Table.annotate takes a while

Hello,

I’m not sure what’s going on as this is my first time using HAIL but the issue I ran into was trying to annotate a VCF file with some gnomAD data.

gnomAD_raw = hl.read_table('/Users/irenaeuschan/Documents/Irenaeus/Scripts/gnomAD/gnomad.exomes.r2.1.1.sites.ht')
vcf = hl.import_vcf(vcf_file, reference_genome='GRCh37')
vcf.write(base_name + ".mt", overwrite=True)
mt = hl.read_matrix_table(base_name + ".mt")
mt = mt.distinct_by_row()
t = mt.make_table(separator='_')

then annotating

ht_annotate = t.annotate(gnomad_age_dist = gnomAD_raw[t.locus, t.alleles]['age_hist_het']['bin_freq'][age_index])
ht_annotate.export("output/annotated.tsv")

Issue here is at the annotate step, my VCF file contains 15 rows of data (testing with a smaller dataset for now) but I have been stuck on this annotation Stage for an hour, which doesn’t seem to make sense given the small input data. Furthermore, after the annotate (once it finally finishes), the exporting takes even longer.

Is there a reason for this happening or am I missing something with how I am trying to write the program?

Thanks

The reason this is taking a while is that while your VCF is small, the gnomAD dataset is very large. I think that entire table is getting read to execute this join. Put another way - the execution is O(N + M), where N is the size of your VCF and M is the size of gnomAD.

This is actually a tricky use-case to properly optimize (you want to read only those 15 rows from the gnomad table), but we should have some infrastructure improvements to speed up this pipeline at some point in the medium-term future.
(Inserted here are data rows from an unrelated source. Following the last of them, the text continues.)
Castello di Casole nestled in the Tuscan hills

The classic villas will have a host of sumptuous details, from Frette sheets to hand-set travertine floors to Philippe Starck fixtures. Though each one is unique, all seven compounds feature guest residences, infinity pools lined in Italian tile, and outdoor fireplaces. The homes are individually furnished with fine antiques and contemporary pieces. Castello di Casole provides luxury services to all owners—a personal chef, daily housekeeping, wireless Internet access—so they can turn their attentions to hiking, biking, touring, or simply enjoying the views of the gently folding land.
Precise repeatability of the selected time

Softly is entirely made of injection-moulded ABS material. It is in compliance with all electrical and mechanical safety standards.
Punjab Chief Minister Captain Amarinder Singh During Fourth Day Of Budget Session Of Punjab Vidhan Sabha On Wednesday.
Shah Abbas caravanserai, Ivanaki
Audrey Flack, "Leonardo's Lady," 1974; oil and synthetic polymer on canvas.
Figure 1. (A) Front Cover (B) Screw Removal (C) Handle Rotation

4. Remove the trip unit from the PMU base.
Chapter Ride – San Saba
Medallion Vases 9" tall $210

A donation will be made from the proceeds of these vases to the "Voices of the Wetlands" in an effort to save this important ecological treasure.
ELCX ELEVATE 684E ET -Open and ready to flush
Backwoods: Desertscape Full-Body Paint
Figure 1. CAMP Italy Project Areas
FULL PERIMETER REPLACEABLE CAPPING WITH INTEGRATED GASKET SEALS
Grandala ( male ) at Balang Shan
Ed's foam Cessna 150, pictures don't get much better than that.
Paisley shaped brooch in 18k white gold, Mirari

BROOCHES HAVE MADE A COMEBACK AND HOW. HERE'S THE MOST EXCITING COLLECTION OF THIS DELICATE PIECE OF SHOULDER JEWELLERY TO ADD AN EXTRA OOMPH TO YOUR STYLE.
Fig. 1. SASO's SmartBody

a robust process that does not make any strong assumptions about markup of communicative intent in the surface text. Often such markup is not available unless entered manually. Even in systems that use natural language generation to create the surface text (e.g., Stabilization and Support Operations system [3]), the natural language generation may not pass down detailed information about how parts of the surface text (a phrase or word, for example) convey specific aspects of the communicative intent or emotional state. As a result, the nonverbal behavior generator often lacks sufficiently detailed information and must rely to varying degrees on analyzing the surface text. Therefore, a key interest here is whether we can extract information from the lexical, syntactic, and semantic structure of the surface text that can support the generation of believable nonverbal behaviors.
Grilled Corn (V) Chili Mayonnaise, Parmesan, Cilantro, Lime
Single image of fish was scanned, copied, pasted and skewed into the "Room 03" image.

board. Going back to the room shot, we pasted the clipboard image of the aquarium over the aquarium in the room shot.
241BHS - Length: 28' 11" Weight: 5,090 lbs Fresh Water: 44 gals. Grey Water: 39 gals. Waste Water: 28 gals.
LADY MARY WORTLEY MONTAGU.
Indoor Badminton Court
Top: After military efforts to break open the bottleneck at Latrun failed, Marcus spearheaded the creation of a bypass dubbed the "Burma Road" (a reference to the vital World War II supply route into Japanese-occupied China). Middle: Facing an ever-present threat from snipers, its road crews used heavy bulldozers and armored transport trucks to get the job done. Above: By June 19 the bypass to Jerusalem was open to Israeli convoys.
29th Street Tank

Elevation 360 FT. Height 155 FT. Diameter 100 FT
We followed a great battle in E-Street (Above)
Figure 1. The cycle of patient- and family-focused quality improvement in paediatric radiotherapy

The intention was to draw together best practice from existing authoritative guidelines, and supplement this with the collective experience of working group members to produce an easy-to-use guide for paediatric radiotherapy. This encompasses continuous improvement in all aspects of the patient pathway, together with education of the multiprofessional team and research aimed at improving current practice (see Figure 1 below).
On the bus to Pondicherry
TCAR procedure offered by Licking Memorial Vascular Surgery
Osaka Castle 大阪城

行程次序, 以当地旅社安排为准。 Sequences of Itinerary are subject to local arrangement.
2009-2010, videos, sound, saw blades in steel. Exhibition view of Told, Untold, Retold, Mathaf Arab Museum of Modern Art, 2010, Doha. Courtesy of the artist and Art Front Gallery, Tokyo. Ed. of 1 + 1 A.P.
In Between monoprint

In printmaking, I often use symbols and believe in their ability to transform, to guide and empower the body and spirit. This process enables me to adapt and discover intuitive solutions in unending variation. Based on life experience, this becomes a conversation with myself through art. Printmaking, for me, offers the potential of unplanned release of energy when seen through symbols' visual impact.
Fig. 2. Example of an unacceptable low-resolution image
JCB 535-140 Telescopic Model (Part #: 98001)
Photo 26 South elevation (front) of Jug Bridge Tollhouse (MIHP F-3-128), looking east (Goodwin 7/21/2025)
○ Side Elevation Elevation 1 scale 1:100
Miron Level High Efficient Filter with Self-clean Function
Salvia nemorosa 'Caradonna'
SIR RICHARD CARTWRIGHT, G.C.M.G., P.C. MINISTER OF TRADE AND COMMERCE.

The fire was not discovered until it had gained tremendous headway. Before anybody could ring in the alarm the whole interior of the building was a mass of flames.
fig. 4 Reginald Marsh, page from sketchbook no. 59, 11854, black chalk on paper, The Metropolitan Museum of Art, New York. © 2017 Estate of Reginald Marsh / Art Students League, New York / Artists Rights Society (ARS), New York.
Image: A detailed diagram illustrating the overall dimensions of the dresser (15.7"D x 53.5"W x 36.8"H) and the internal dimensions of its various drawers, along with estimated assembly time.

Hail is more designed for joining two similarly-large inputs, so if you run this on a larger VCF you won’t see unexpected time sinks (since you have to read both inputs fully regardless!)

One question - how many samples do you have in that VCF? make_table really doesn’t scale well, and you should try to stay in matrixtable world if possible.

Thank you for your response,

To optimize this process, would pre-filtering the gnomAD dataset be useful to create a sub filtered gnomAD dataset? Something like…

gnomAD_filtered = gnomAD_raw.filter(hl.is_defined(t[gnomAD_raw.locus, gnomAD_raw.alleles]))

This would restrict my gnomAD dataset to only the locus and alleles found within my tables, so the joins would be much faster?

One question - how many samples do you have in that VCF? make_table really doesn’t scale well, and you should try to stay in matrixtable world if possible.

For this initial test set there are only 40 Samples, but I suspect there will be over 1,000 in the actual dataset. I am using the make_table in order to create the filtered version of the gnomAD and the only way I was able to make it work was using a table. Tried to filter the gnomAD_raw using a matrix_table and was getting some ht.distinct, ht.select error each time.

If you’re going to do this many times, then pre-filtering with this code above, writing to disk, and reading back the subset in the future will save a lot of time. If you’re doing this annotation once, the two are equivalent.

Can you post what you tried on the matrixtable? Working with a MT should be easier than with a make_table representation.

It will be hard to write to disk for our case because our annotation query will be different each time we will be using this segment of the code. Additionally, the issue is how long it will take, I am currently running this annotation on one of our clusters and with allocating 20 processors, 240GB of RAM, and giving it 24GB for driver-memory the annotation is taking 8+ hours as it currently stands.

I’m not sure how to make it more efficient. Or if there is a way to make it more efficient without having to wait hours for the annotation to occur and then to export the table.

As per MT

This is what I have now,

gnomAD_filtered = gnomAD_raw.filter(hl.is_defined(t[gnomAD_raw.locus, gnomAD_raw.alleles]))

But previously, I tried to filter the gnomAD_raw by doing something like,

gnomAD_filtered = gnomAD_raw.filter(hl.is_defined(gnomAD_raw[mt.locus, mt.alleles]))

which gave this error because the gnomAD_raw is a Hail Table

Expected an expression from source <hail.table.Table object at 0x7fb8953f7320>
Found expression derived from source <hail.matrixtable.MatrixTable object at 0x7fb8951ce128>
Problematic field(s): [‘locus’, ‘alleles’]

This error is commonly caused by chaining methods together:
>>> ht.distinct().select(ht.x)

This is throwing an error because the join is flipped. Should be:

gnomAD_filtered = gnomAD_raw.filter(hl.is_defined(mt.index_rows(gnomAD_raw.key)))

or easier:

gnomAD_filtered = gnomAD_raw.semi_join(mt.rows())

The 8-hour runtime is surprising, though. I would expect this to take less than an hour.